- Supplied material:
=== Section Start ===

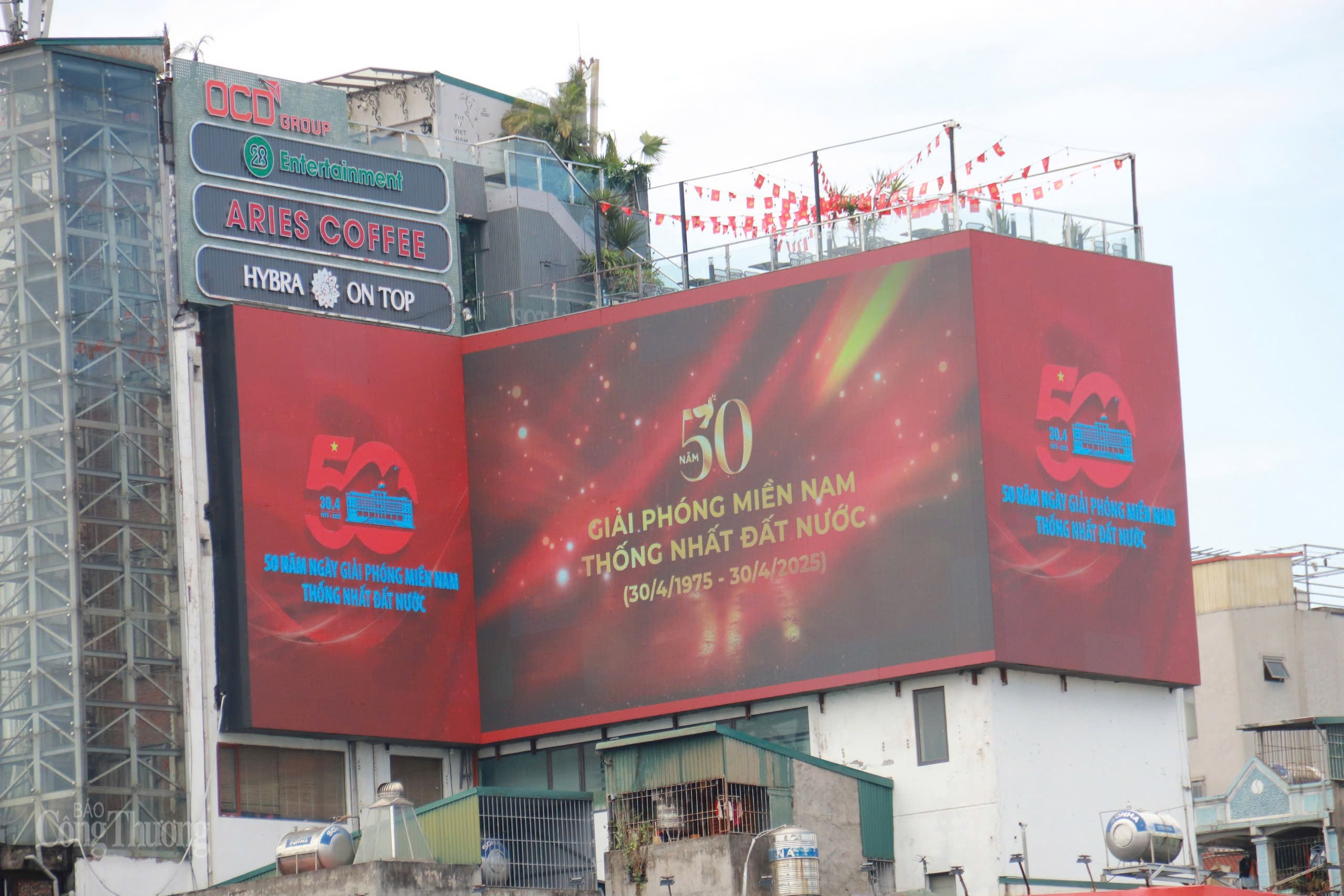| Trên nhiều tuyến phố, khẩu hiệu kỷ niệm ngày 30/4 tạo không khí trang nghiêm và tự hào |
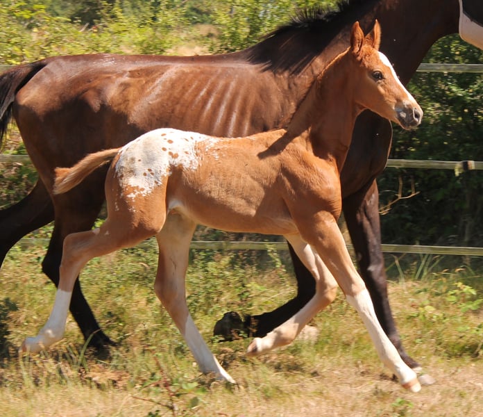 Disponible à la réservation : Poulain alezan capé KWPN par J-Nius V.V Z (Little Indian x Ugano Sitte x Chacco-Blue) et Britt, KWPN (Burggraaf x Phin Pin (Chin x Chin)). Devrait toiser environ 1m65/170. Très bien fait, grand et chic. Idéal pour projet sportif ou pour de l’élevage. Très gentil et proche de l’homme. Il sera disponible début 2026 à son sevrage vers 7/8 mois, manipulé, vermifugé, primovacciné. Visible en Dordogne proche Bergerac. Tarif : 8 000 € avec possibilité d'échelonner le paiement jusqu'au sevrage.
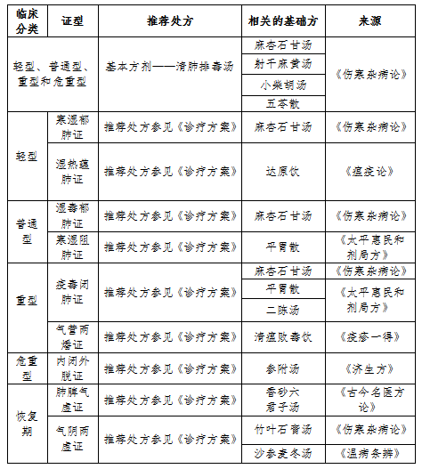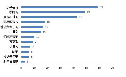 对于临床治疗期的推荐处方,《诊疗方案》给出了10首推荐处方(其中1首基本方剂)和8个中药注射剂,报告通过分析基本方剂和各推荐处方的组方架构,发现其基础方分别源自12首中医古代经典方,也就是说这些推荐处方均为根据中医经典方演化而成。

=== Section End ===

Could you give the listing above again word for word, without any pictures?

| Trên nhiều tuyến phố, khẩu hiệu kỷ niệm ngày 30/4 tạo không khí trang nghiêm và tự hào |
 Disponible à la réservation : Poulain alezan capé KWPN par J-Nius V.V Z (Little Indian x Ugano Sitte x Chacco-Blue) et Britt, KWPN (Burggraaf x Phin Pin (Chin x Chin)). Devrait toiser environ 1m65/170. Très bien fait, grand et chic. Idéal pour projet sportif ou pour de l’élevage. Très gentil et proche de l’homme. Il sera disponible début 2026 à son sevrage vers 7/8 mois, manipulé, vermifugé, primovacciné. Visible en Dordogne proche Bergerac. Tarif : 8 000 € avec possibilité d'échelonner le paiement jusqu'au sevrage.
 对于临床治疗期的推荐处方,《诊疗方案》给出了10首推荐处方(其中1首基本方剂)和8个中药注射剂,报告通过分析基本方剂和各推荐处方的组方架构,发现其基础方分别源自12首中医古代经典方,也就是说这些推荐处方均为根据中医经典方演化而成。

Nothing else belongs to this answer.